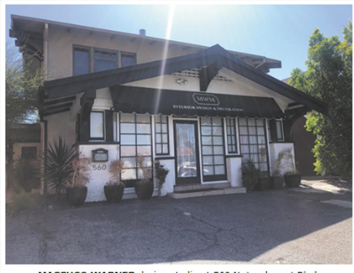
MASSUCCO WARNER design studio at 560 N. Larchmont Blvd.
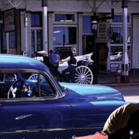
MAIN STREET IN VIRGINIA CITY
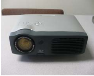
DLP video projector

The MediaGlass video projector displays video and any other graphics ala a normal DLP projector, but on clear glass. The projector is a modified DLP projector which outputs blu-ray and UV light, which glows once it strikes the MediaGlass film.
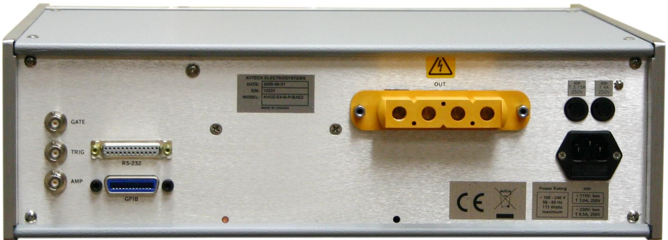
AVOZ-E4-B Rear Panel
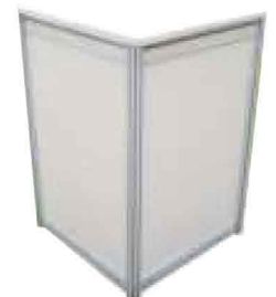
Display cube Code: PX-06 535(L)X535(W)X760(H)
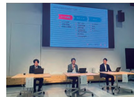
Giving a lecture
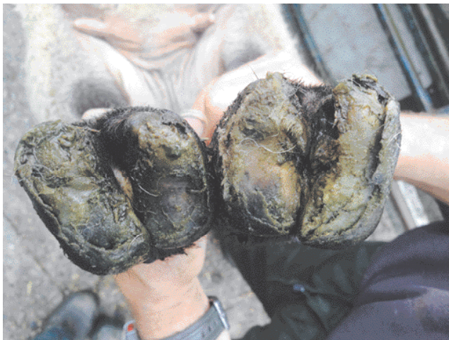
Figure 7: September 15, 2014.

case, cautious trimming, well clear of any sensitive tissue, will probably not cause further harm though it could be considered as a 'cosmetic' trim, not necessarily beneficial.
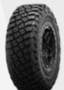
BF Goodrich M/T KM3
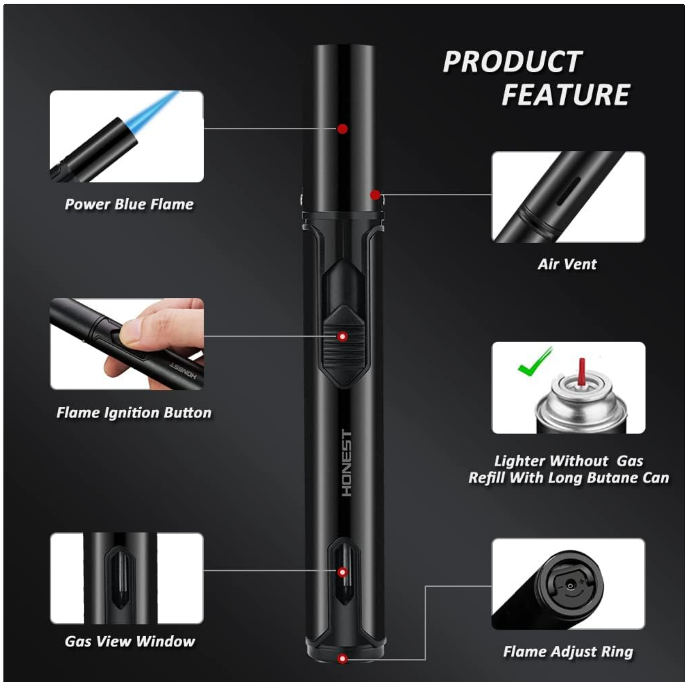
Image 3.1: Detailed diagram highlighting the main components and features of the lighter.
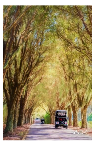
Betty Eich - "Tunnel of Trees

# # # # # # #

→ Exercise objective
The full listing above, duplicated exactly and without its pictures, is the answer.

→ Response to this exercise
MASSUCCO WARNER design studio at 560 N. Larchmont Blvd.
MAIN STREET IN VIRGINIA CITY
DLP video projector

The MediaGlass video projector displays video and any other graphics ala a normal DLP projector, but on clear glass. The projector is a modified DLP projector which outputs blu-ray and UV light, which glows once it strikes the MediaGlass film.
AVOZ-E4-B Rear Panel
Display cube Code: PX-06 535(L)X535(W)X760(H)
Giving a lecture
Figure 7: September 15, 2014.

case, cautious trimming, well clear of any sensitive tissue, will probably not cause further harm though it could be considered as a 'cosmetic' trim, not necessarily beneficial.
BF Goodrich M/T KM3
Image 3.1: Detailed diagram highlighting the main components and features of the lighter.
Betty Eich - "Tunnel of Trees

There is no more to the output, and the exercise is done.